The near raga Wucan features synthesizer and Mellotron against a trance-like rhythm, with guitar flaring up intermittently. Stay Free is a largely acoustic ballad that was featured in the Spiderman III soundtrack. Female vocalist Amber Webber sings alone on a couple of songs, the first of these being Queens Will Play. This song also contains more guitar in the style of Tony Iommi, this time sounding subdued but edgy. The underlying tension is finally released in the closing few seconds of the track once the drums are let loose. Evil Ways (not the Santana song) features more forceful drumming and guitar soloing but is my least favourite track, while the brief Wild Wind is a sing-along ballad featuring fuzzed-out guitar. That brings us to the centrepiece of the album, the near 17-minutes Bright Lights. Back in the day, a track this length would have been exceptional whereas nowadays it's hardly worthy of note. Bright Lights is densely structured with extended instrumental excursions involving bruising bass and snarling guitar... actually, I'm not going to try to navigate the reader through every twist and turn of this song. My suggestion would be for the reader to just buy the album and listen for them self. Night Walks is the final track and the second to feature Amber Webber going solo. It's an ambient and reassuring way to finish the album.

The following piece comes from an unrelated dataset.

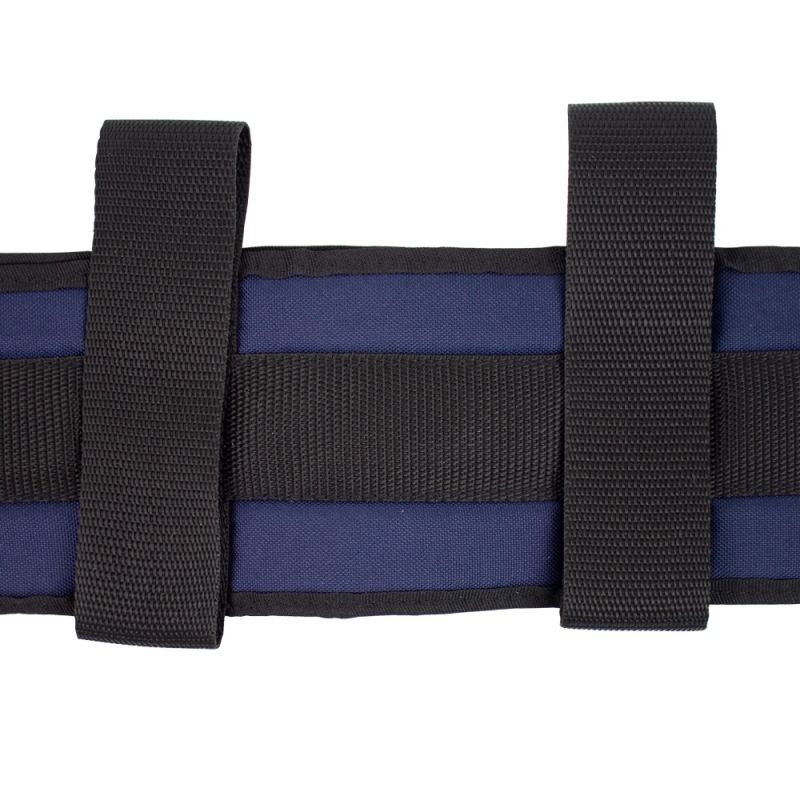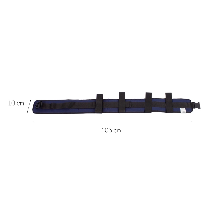 Ceinture conçue pour aider et faciliter les personnes à faible mobilité à se tenir debout, à s'asseoir ou à se déplacer d'un endroit à l'autre de manière facile, confortable, sûre et efficace, en évitant les blessures dues aux efforts excessifs des soignants. Elle s'attache autour de la taille et dispose de 4 poignées le long de la ceinture comme points d'attache avec des coutures renforcées.

I haven't heard Black Mountain's debut as yet, so I can't comment on how the band has progressed. However from the evidence of this, the notoriously 'difficult' sophomore album, they're definitely heading in the right direction. This is somewhere between good and excellent, so I'll give it 3 stars.

Review by Peter
SPECIAL COLLABORATOR Honorary Collaborator
2 stars Ever the good Canadian, I bought IN THE FUTURE, by Vancouver nouveau-hippy, psychedelic stoner outfit Black Mountain after it was praised here on PA, and spotlighted in a Toronto record store as new music which would appeal to Led Zeppelin/Deep Purple fans. I'm a long-term fan of both of those seminal seventies heavies, so how do I find IN THE FUTURE? Well, it could certainly be classified as what used to be known as "hard rock," but I find it to be uninspired and overly derivative musically, and lyrically lame. I wanted to like this album, but I'm no longer 12, and it ain't 1972. I went on the old "demons and wizards" trip the first time round, and in more convincing company -- I don't care to fake it now. If I need a fix of hard-rock nostalgia, my Zep, Purple, Rainbow, Uriah Heep and Alice Cooper albums always await.

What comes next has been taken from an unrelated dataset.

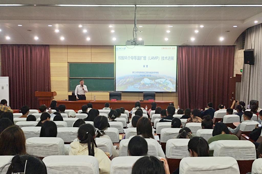 吴坚教授从通过对LAMP技术背景、LAMP扩增产物的检测、集成LAMP系统几个方面系统地介绍了核酸环介导等温扩增(LAMP)技术进展,为食品快速检测方法提供了新思路。重点讲解研究过程中遇到的问题以及如何解决问题,给学生提供了如何进行科学研究的指导。随后在交流环节,吴坚教授严谨详尽地解答了师生们的疑惑。

When bands seek to re-create the spirit, texture and feel of earlier exemplars of a musical form, they enter some tricky territory. They may well lure some younger listeners, and might even get the attention of older fans who yearn for the glory days of their long- gone youth, but they also risk sounding like second-rate imitators -- even plagiarists -- of those who invented the form. Regrettably for this 70s survivor, the latter case applies here. The man has definitely left the silver mountain.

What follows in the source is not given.